Key Statistic: The sample mean \(\bar{X}\) has its own distribution, especially important for large samples under the Central Limit Theorem (CLT).
Central Limit Theorem (CLT)#
The Central Limit Theorem (CLT) states that, given a sufficiently large sample size, the sampling distribution of the sample mean \(\bar{X}\) will be approximately normal, regardless of the distribution of the population from which the sample is drawn.
This approximation improves as the sample size \(n\) increases.

Image Source: https://mathematicalmysteries.org/central-limit-theorem/
The CLT is foundational in inferential statistics because it allows us to make probability statements about sample means even when the population distribution is unknown.
In general, CLT applies when \(n\geq 30\) at minimum. But, the actual minimum size can depend on the characteristics of the population distribution and the specific context of the analysis. For populations that are heavily skewed or have outliers, larger samples may be required to ensure the sampling distribution of the mean is approximately normal.
Note: We will return to how to calculate sample size later in the Causal Inference section on power.
Overview of Probability Distributions#
Bernoulli Distribution:
Represents a single trial with two possible outcomes: success (\(1\)) and failure (\(0\)).

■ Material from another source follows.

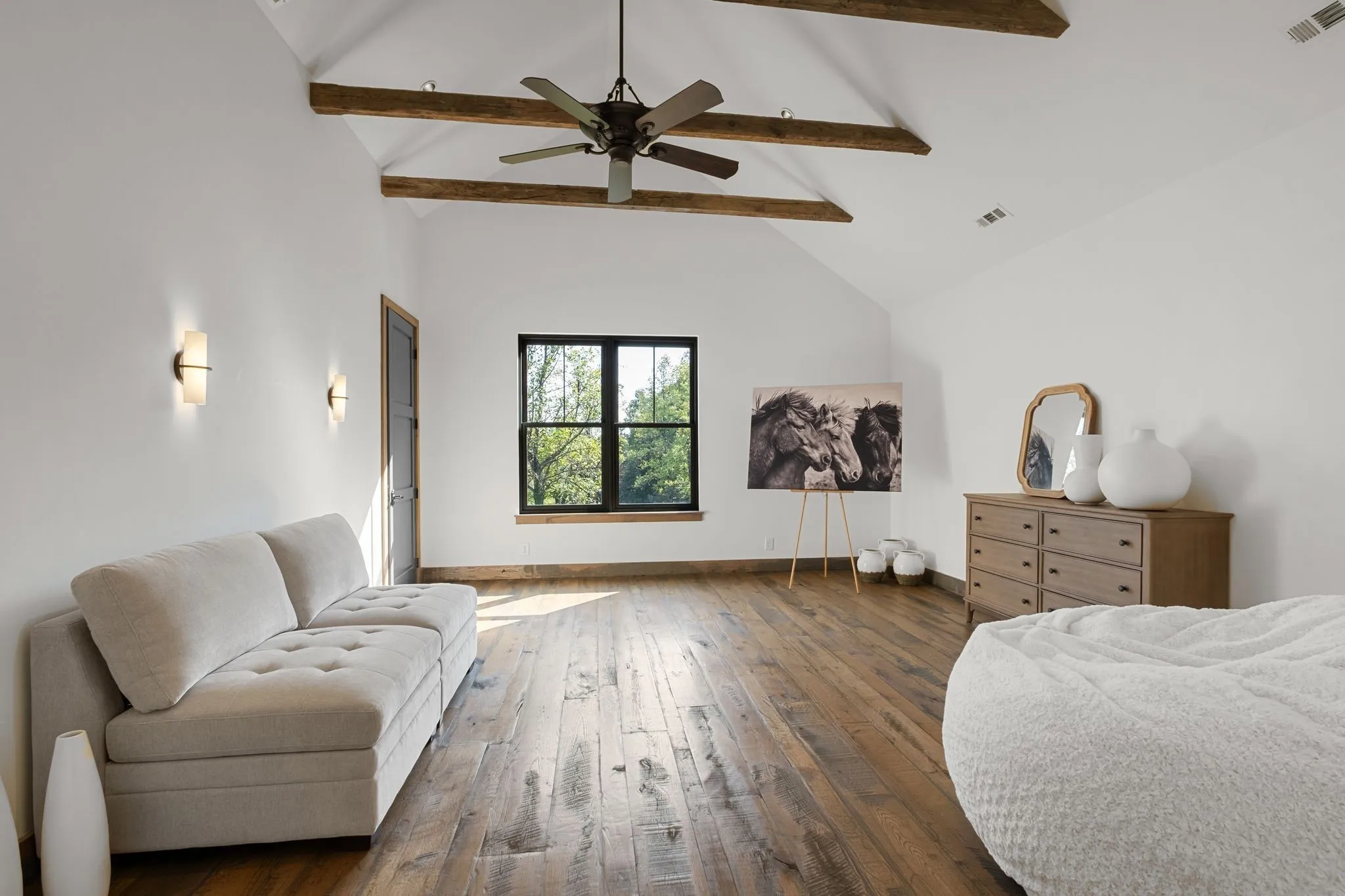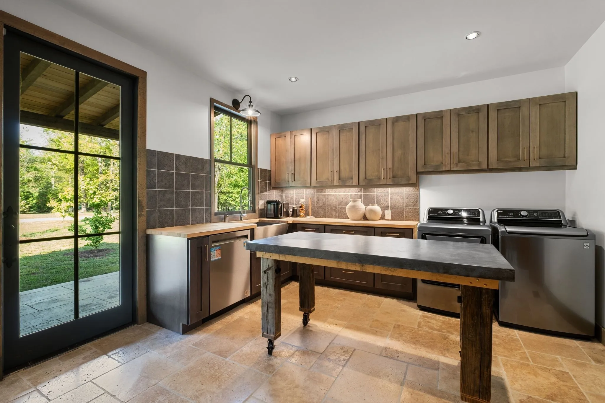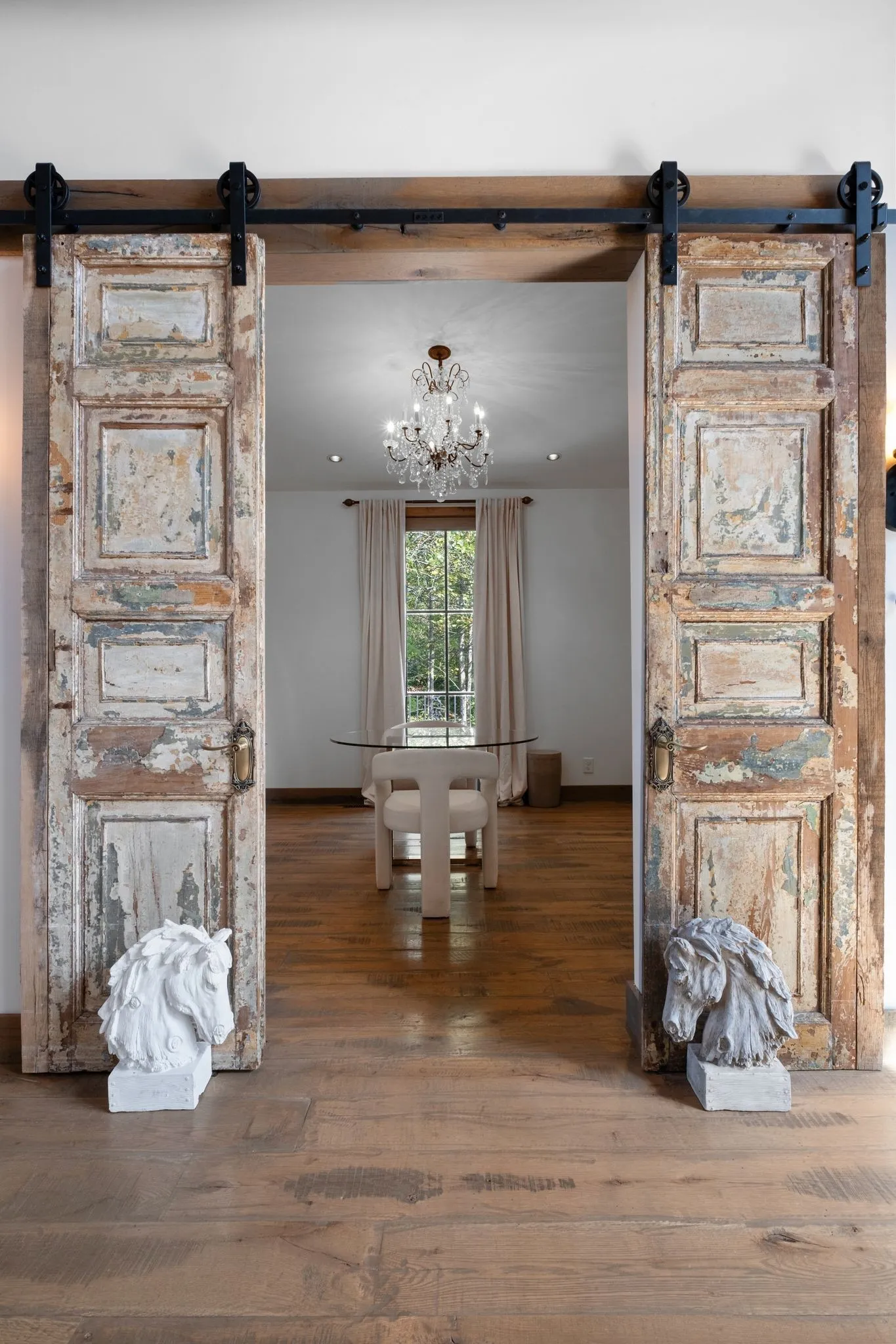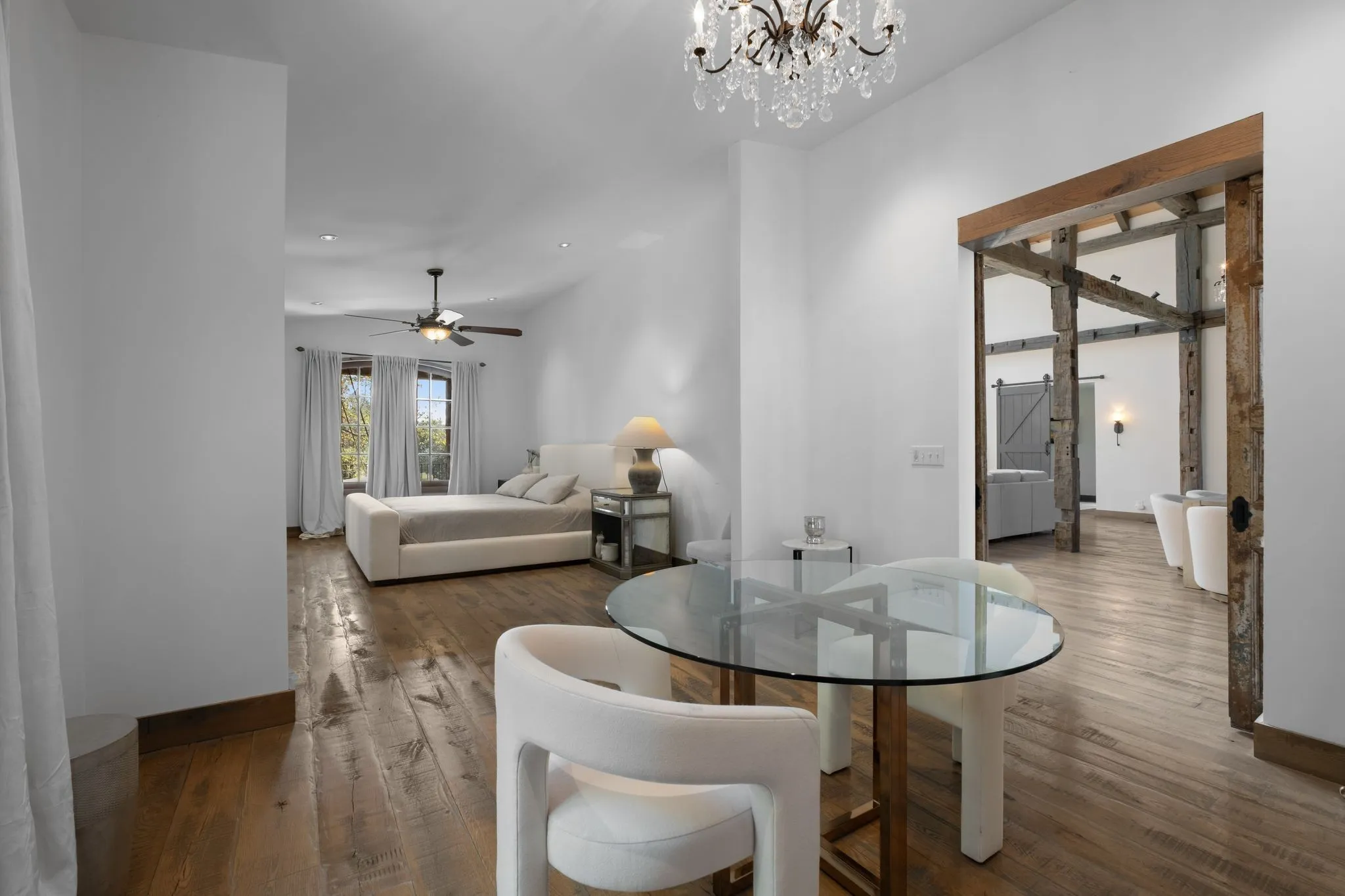 A captivating and remarkable rustic retreat on 13.88 acres in the rolling Tennessee hills, featuring two beautifully crafted homes with a combined 7,975 square feet of refined living. A rare opportunity for multigenerational living, guest accommodations or a tranquil personal escape. The 5,371 square foot primary residence welcomes you into a breathtaking ballroom style great room with soaring 28 foot ceilings, 150 year old Montana timber beams and sunlight pouring in from every angle. The chef’s kitchen with Bertazzoni appliances and a thoughtfully designed scullery makes entertaining feel effortless as gatherings flow out to the terraces. Terracotta stone and Restoration Hardware chandeliers elevate the home with understated elegance. The main level offers a serene primary suite framed by century old Indian teak doors and a spa inspired bath. A second bedroom on this level is ideal for guests or a dedicated office. Upstairs, three spacious bedrooms including an additional suite are complemented by a large studio filled with natural light that can serve as a creative space, lounge, office, or extra bedroom. Outdoor living shines with generous porches and terraces totaling 1,500 square feet, complete with a relaxing swim spa that overlooks the wooded landscape and starry skies. Across the property, a charming 2,604 square foot second residence rests on its own 6.88 acres. It features a sunlit morning room, a commercial Wolf kitchen, a main floor suite, and peaceful views of open meadows protected by the Tennessee Land Trust, ensuring lasting privacy and quiet. Together, these homes create a private sanctuary where thoughtful design, comfort, and nature come together. Every corner invites you to slow down, breathe deeply and enjoy the beauty of peaceful living.

Probability Mass Function (PMF):
\[ P(X = x) = p^x (1 - p)^{1 - x} \quad \text{for } x = 0, 1 \]Parameter: \(p\) (probability of success).
Binomial Distribution:
Describes the number of successes in \(n\) independent Bernoulli trials.
PMF:
\[ P(X = k) = \binom{n}{k} p^k (1 - p)^{n - k} \]where \(k = 0, 1, \dots, n\).
Parameters: \(n\) (number of trials), \(p\) (probability of success).
Geometric Distribution:
Models the number of trials until the first success in a series of Bernoulli trials.
PMF:
\[ P(X = k) = (1 - p)^{k - 1} p \]where \(k = 1, 2, 3, \dots\).
Parameter: \(p\) (probability of success).
Poisson Distribution:
Represents the number of events occurring in a fixed interval, assuming the events happen independently.
PMF:
\[ P(X = k) = \frac{\lambda^k e^{-\lambda}}{k!} \]where \(k = 0, 1, 2, \dots\).
Parameter: \(\lambda\) (average rate of occurrence).
Exponential Distribution:
Models the time between events in a Poisson process.
PDF:
\[ f(x) = \lambda e^{-\lambda x} \quad \text{for } x \geq 0 \]Parameter: \(\lambda\) (rate of occurrence).
Uniform Distribution:
All outcomes are equally likely within a defined range.
PDF (continuous):
\[ f(x) = \frac{1}{b - a} \quad \text{for } a \leq x \leq b \]Parameters: \(a\) (minimum), \(b\) (maximum).
Chi-Squared Distribution:
A distribution of the sum of squares of \(k\) independent standard normal random variables.
PDF:
\[ f(x; k) = \frac{1}{2^{k/2} \Gamma(k/2)} x^{k/2 - 1} e^{-x/2} \quad \text{for } x > 0 \]Parameter: \(k\) (degrees of freedom).